July 18, 2018 | ° F

RUSA presidential hopefuls defend platforms pre-election

The Rutgers University Student Assembly holds its annual elections this Monday through Wednesday, giving University students an opportunity to vote for the next RUSA president online.

The presidential ticket also contains the positions of vice president and treasurer, the only other officer positions University students can decide on, according to RUSA’s constitution.

John Connelly, RUSA vice president, seeks to retain the presidency for the Rutgers United Party. His opponent is Scott Siegel, current RUSA treasurer, who represents the Old Raritan Party.

Also on the Rutgers United ticket is vice presidential candidate Sherif Ibrahim, a School of Arts and Sciences sophomore, and Pavel Sokolov, a Rutgers Business School sophomore, running for treasurer.

The Old Raritan ticket consists of vice presidential candidate Joe Fontana, a School of Arts and Science sophomore, and treasurer candidate Sabrina Arias, also a School of Arts and Sciences sophomore.

The presidential hopefuls have different views on what they want at the University and RUSA in the next academic year.

Connelly outlined the Rutgers United platform, emphasizing the party’s desire to create an affordable University education.

“[Rutgers United] is … working with lawmakers to make sure they’re thinking of students when they pass legislation related to higher education and working with Jack Molenaar on transportation related concerns,” he said.

If elected RUSA president, Connelly said he would begin early dialogues with the new University president and the Board of Governors, as well as increasing pressure in Trenton and mobilizing the student body.

A long-term goal for Rutgers United is incorporation, which would make RUSA independent from University Student Life, he said.

Siegel, on the other hand, said he is against incorporation, as it would have disastrous effects on the University.

“I think incorporation, at this point in time, is the worst possible thing RUSA could do,” he said. “Even if 10, 15 percent of the student population votes in this election, it doesn’t mean that RUSA has the support, the infrastructure and the reach of all the students at Rutgers to incorporate.”

Siegel said that he would possibly support incorporation down the road. But he feels RUSA’s infrastructure could not handle the change right now.

“RUSA is the student government of all Rutgers students, and it really should work to make the student experience the best that it possibly can be,” Siegel said.

The Old Raritan Party wants to hold the University to its promise of quality.
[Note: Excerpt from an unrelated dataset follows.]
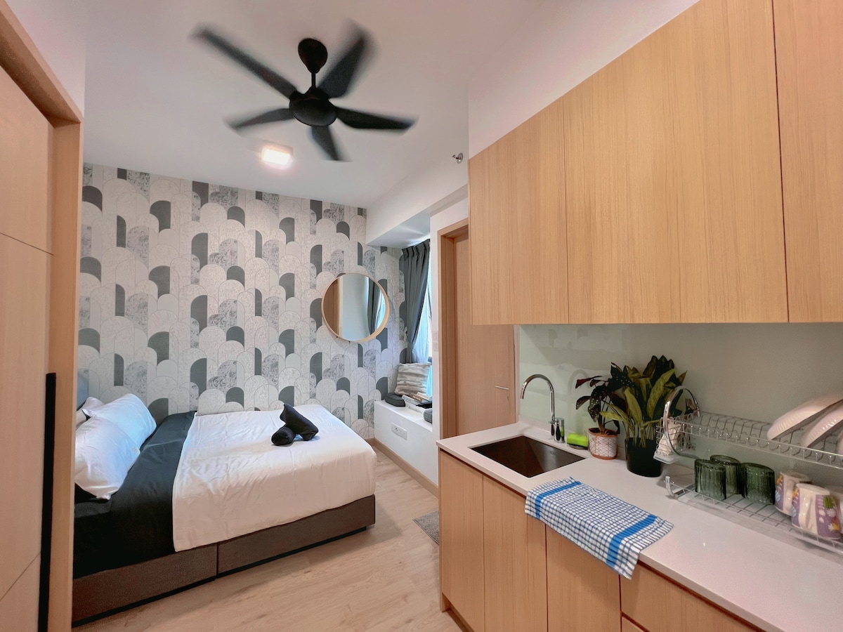 Welcome to your luxury urban retreat in the heart of Kuala Lumpur! Enjoy a hybrid studio apartment✨ Features include: • A plush queen-size bed with hotel-grade linens • Fully equipped kitchen • Air-conditioning & ceiling fan • Smart TV with Netflix access • Fast Wi-Fi • Washing machine Whether you’re here for work or leisure, the space offers the balance of warmth and comfort!

“That entails … holding the University accountable for ... the most cost-effective services possible [and] better institutionalizing RUSA on campus,” Siegel said. “All of us are really going to do our best to create a safe and comfortable campus for everybody.”

Siegel also said his party intends to increase the collaboration of student organizations and more camaraderie on campus.

While support in numbers may be in favor of the Rutgers United Party — which current RUSA President Matt Cordeiro is part of — Siegel said the Old Raritan Party is not focusing on the 36 to 16 representative difference between the parties.

“Thirty-six versus 16 aren’t great odds, but last year was similar numbers,” he said. “Last year, I ran with five other people, and I was able to win [treasurer].”

Connelly said he is not banking on his party’s strength in numbers.

“I think that you never assume that there is overwhelming support in an election,” he said. “When elected officials start doing that, they get corrupt and machine-y, and they stop acting in the interest of the people they were elected to serve.”

Cordeiro said he appreciates the time he spent over the past year as head of the student assembly and hopes the candidates understand the responsibilities involved with the position.

 Cordeiro said the RUSA president has to act “as captain of the ship,” referring to the internal duties of the elected leader.

“You have to run RUSA as best as it can be. You have to deal with any disputes that come up in RUSA,” he said. “You’re in charge of the administrative function of RUSA, and you have to chair the meetings.”

Cordeiro admitted the job is a lot of pressure, and the RUSA presidential candidates have to be prepared for any situation.

“It can be really frustrating,” he said. “Sometimes you don’t have the breathing room you would like.”

Yet Cordeiro said the president is given leverage when dealing with state officials and the University administration as an elected official. The communication can make the job easier.

“It’s not perfect. Some legislators won’t listen to you no matter what you do or say, but I generally get a good response when I go down to talk with folks,” he said.